## Supplied records
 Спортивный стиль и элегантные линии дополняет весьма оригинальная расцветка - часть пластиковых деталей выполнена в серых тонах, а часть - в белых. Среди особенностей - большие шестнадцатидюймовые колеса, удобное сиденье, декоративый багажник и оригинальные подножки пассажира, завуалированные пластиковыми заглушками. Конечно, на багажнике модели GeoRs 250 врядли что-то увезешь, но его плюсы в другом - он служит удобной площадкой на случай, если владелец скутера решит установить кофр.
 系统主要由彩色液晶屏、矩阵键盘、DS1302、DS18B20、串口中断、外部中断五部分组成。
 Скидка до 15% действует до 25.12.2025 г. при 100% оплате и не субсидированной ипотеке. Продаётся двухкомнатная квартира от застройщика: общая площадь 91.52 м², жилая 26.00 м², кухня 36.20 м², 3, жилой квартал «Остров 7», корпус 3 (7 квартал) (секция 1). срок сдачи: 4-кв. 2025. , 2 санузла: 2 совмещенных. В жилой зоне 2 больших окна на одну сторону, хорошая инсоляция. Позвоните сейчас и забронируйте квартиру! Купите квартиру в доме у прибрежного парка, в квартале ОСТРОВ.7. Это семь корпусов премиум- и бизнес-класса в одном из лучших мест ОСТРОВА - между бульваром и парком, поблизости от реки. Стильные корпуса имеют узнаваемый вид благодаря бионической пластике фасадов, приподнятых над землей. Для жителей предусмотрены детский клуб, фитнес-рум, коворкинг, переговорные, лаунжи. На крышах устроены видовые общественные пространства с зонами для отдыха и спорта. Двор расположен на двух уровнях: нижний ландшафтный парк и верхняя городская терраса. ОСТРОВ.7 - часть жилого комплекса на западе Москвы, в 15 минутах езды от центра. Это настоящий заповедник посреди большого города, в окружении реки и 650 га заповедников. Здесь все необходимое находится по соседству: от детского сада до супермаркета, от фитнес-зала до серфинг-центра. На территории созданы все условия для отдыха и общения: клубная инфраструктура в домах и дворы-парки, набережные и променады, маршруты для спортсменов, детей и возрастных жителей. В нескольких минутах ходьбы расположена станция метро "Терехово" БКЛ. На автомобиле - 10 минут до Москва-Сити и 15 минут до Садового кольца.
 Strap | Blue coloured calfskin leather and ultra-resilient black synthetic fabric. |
* * *
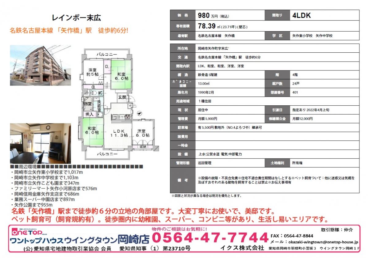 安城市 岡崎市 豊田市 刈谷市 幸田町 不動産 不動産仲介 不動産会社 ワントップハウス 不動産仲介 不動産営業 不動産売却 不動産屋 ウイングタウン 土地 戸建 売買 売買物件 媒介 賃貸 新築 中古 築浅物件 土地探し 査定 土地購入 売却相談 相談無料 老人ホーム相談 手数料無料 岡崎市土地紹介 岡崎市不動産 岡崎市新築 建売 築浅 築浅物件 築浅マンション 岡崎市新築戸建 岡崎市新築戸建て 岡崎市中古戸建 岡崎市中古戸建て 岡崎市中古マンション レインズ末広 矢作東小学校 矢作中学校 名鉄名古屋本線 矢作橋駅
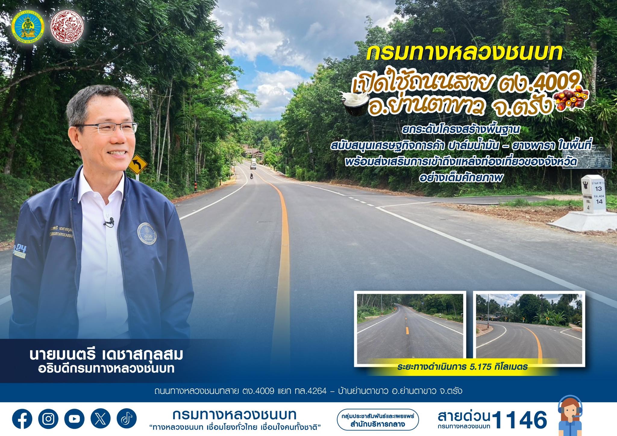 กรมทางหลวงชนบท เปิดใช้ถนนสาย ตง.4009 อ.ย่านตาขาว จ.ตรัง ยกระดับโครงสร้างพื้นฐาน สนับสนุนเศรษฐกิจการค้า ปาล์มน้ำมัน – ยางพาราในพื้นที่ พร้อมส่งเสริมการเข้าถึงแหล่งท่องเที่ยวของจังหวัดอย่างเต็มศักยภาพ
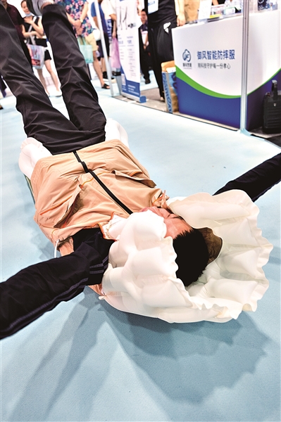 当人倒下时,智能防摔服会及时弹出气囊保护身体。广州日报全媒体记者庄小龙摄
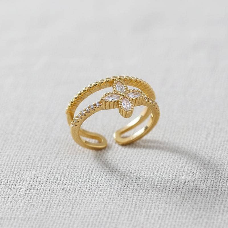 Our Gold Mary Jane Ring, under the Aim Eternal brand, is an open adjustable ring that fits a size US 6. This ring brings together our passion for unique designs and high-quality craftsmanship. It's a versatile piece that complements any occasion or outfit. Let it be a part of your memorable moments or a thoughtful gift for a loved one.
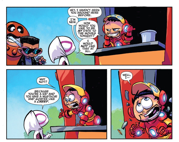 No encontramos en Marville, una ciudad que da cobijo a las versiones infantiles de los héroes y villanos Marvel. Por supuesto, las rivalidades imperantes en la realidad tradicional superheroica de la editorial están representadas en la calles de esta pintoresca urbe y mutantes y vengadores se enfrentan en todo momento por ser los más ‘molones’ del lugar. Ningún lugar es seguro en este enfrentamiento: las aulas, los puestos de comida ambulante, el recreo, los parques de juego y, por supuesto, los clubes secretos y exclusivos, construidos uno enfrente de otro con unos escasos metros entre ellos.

## Task brief
Everything from the line containing "Спортивный стиль и" through the line containing "系统主要由彩色液晶屏、矩阵键" in the material above should be retyped exactly, both ends included, and nothing more.

## Solved exercise
 Спортивный стиль и элегантные линии дополняет весьма оригинальная расцветка - часть пластиковых деталей выполнена в серых тонах, а часть - в белых. Среди особенностей - большие шестнадцатидюймовые колеса, удобное сиденье, декоративый багажник и оригинальные подножки пассажира, завуалированные пластиковыми заглушками. Конечно, на багажнике модели GeoRs 250 врядли что-то увезешь, но его плюсы в другом - он служит удобной площадкой на случай, если владелец скутера решит установить кофр.
 系统主要由彩色液晶屏、矩阵键盘、DS1302、DS18B20、串口中断、外部中断五部分组成。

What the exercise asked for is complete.